Подпись поставил Я, Сулейман-Хан, султан из султанов, просвещенный, изобильный, великодушный, протягивающий руку помощи, владетель Анатолии, и проч.
Но не представилось Карлу Плутоватому, истребителю посланников, случая узнать о том, что замышляется на Босфоре, где плесневеют в темницах все его лазутчики. Генуэзские купцы – его последняя надежда – не могут выйти в море, потому что агенты султана задерживают им погрузку. Ну, а венецианцы скорее склоняются на сторону французов, поэтому соблюдают нейтралитет и не передают никаких сообщений, кроме своего собственного, шифрованного, в которое Совет Десяти посвящает только троих из своих членов.
Карла задерживают в Вальядолиде заседания кастильских кортесов. Любящие его подданные, не скупясь на смиренные увещевания, умоляют его отказаться от непрерывных путешествий вдоль и поперек империи. Пережив момент столь ужасной растерянности от страха за его персону во время алжирского бедствия, они слишком обеспокоены и вновь боятся его потерять. Карл рыдает.

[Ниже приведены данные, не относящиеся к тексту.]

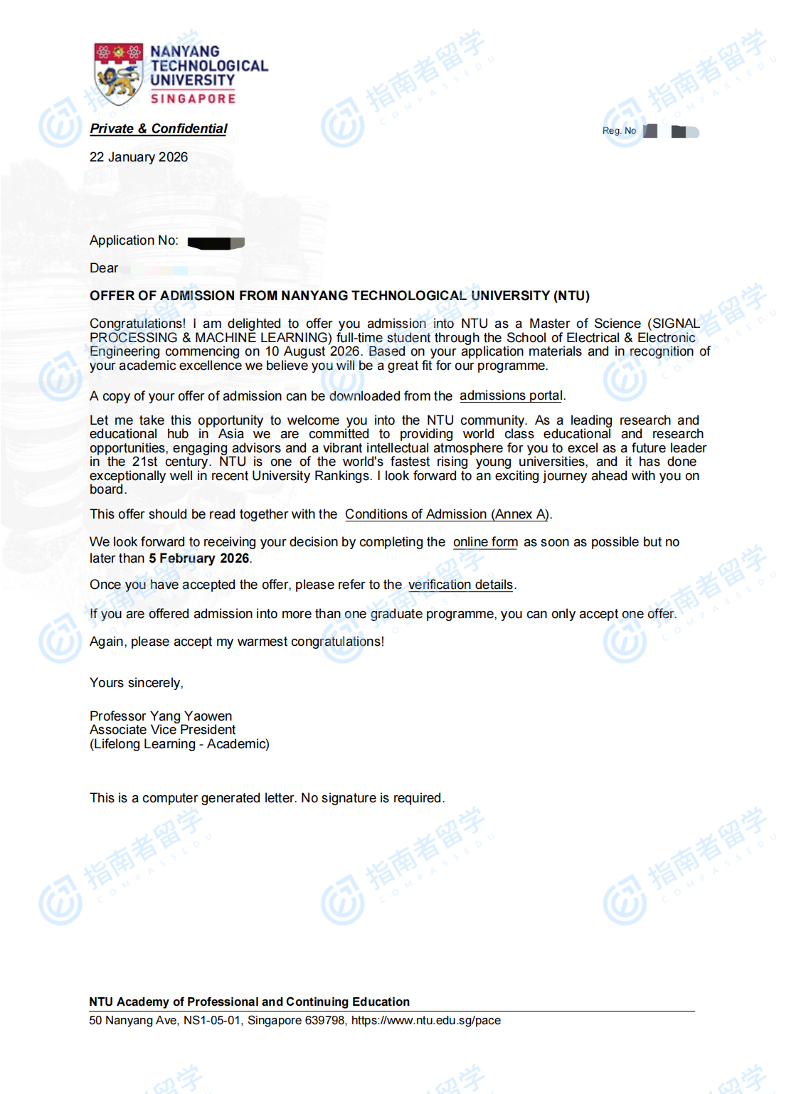 南洋理工大學(xué)信號處理和機(jī)器學(xué)習(xí)理學(xué)碩士研究生offer一枚
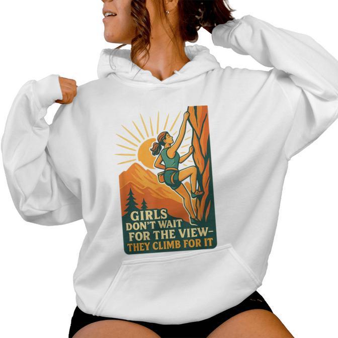 Girls Climb For The View Retro Hiking Climbing Adventure Women's Hoodie
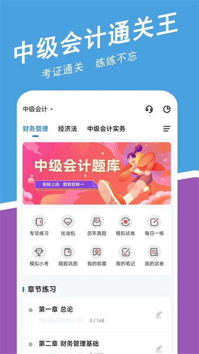 历年真题全部收录在软件里,让大家都可以通过学习可以顺利拿到中级证书
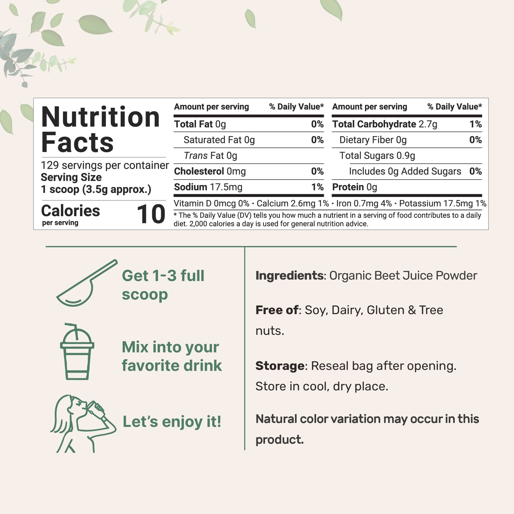 Enjoy 1lb of fresh beet root juice powder, approximately 3.5 grams per scoop, up to 129 days’ worth of servings.
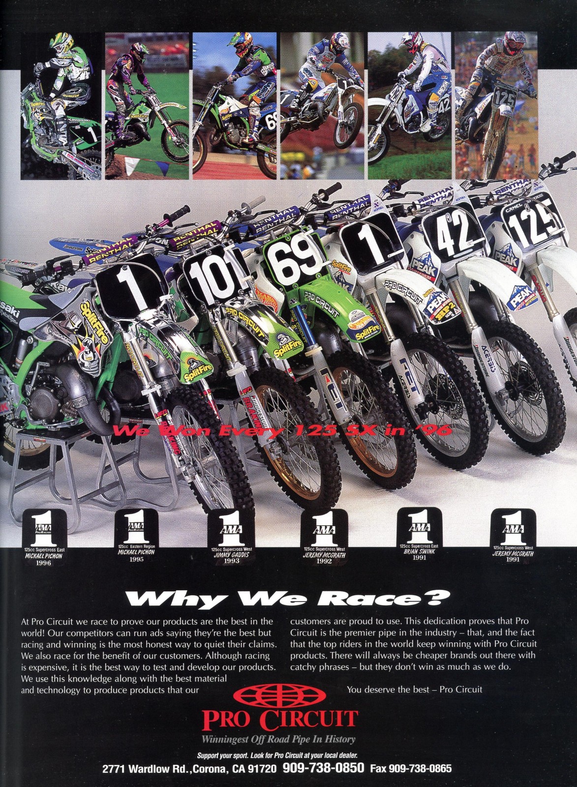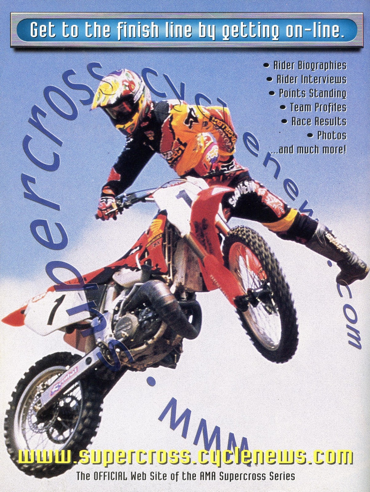 Digging a little deeper, there was a brief mention of #70 Ricky Carmichael from Havana, Florida, and his one professional career highlight: eighth place at the 1996 Steel City 125cc National. Teams were included like Honda of Troy, Chaparral Yamaha, Primal Impulse Honda, Xtreme/PJ1 Yamaha, Moto XXX, Sizzler/Noleen Yamaha, and more. And the Splitfire/Pro Circuit Kawasaki team’s ad page featured their growing collection of #1 plates, which totaled six to that point. There was also a feature on Mitch Payton’s new rival on the satellite team front, Phil “Flipper” Alderton of Honda of Troy, and ads for the latest in moto journalism, www.supercross.cyclenews.com, “the OFFICIAL Web site of the AMA Supercross Series,” pixelated image and all.
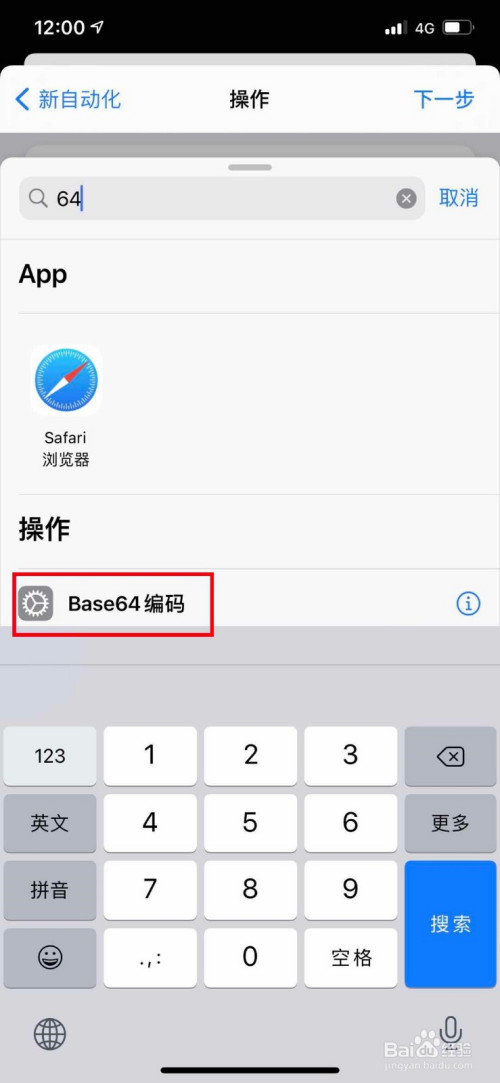 然后在搜索框中输入64。点击选中底部呈现的Base64编码选项。

Его народ верит в искренность этих слез, но в действительности он плачет от ярости, потому что его прижимистым подданным жаль для него одного миллиона двухсот тысяч дукатов, которых ему бы хватило, чтобы снова отправиться воевать.
На востоке империи под турецким игом агонизирует Венгрия. Даже Вена на краю гибели! А он вынужден сидеть и понапрасну ждать прибытия канцлера Гранвелы с новостями из Генуи! Информаторы под замком, непрестанно бушуют ураганы, между Антибом и Йерскими островами шныряют разведывательные галеры французов и задерживают его посредника – ничто ему не благоприятствует, а тут еще этот новый приступ подагры.
Лежа в постели, Карл пишет послания во все концы империи, а также в Лондон и Париж, призывая каждого христианского владыку заключить союз против Турка. Во время заседания сейма в Шпейере его брат Фердинанд сумел добиться от князей-лютеран обещания держать наготове сорок тысяч восемьсот сорок три пехотинца и восемь тысяч пятьсот сорок три лошади, и плюс к этому выманить по пять флоринов от каждого жителя имперских княжеств. Деньги будут храниться в церквах, а войска должны будут прибыть в Вену не позднее середины апреля 1543 года. Подписи лютеране поставили, однако затягивают с выплатой налога. Ну а люди – так у них скоро сенокос, потом начнется жатва, потом яблоки, да еще хмель. Генрих VIII, который только что обезглавил Кэтрин Говард, уделяет Карлу немного внимания, вытирая свой топор. Насчет суммы еще надо будет подумать. Но раз уж зашел разговор, не найдется ли у него девственницы на выданье?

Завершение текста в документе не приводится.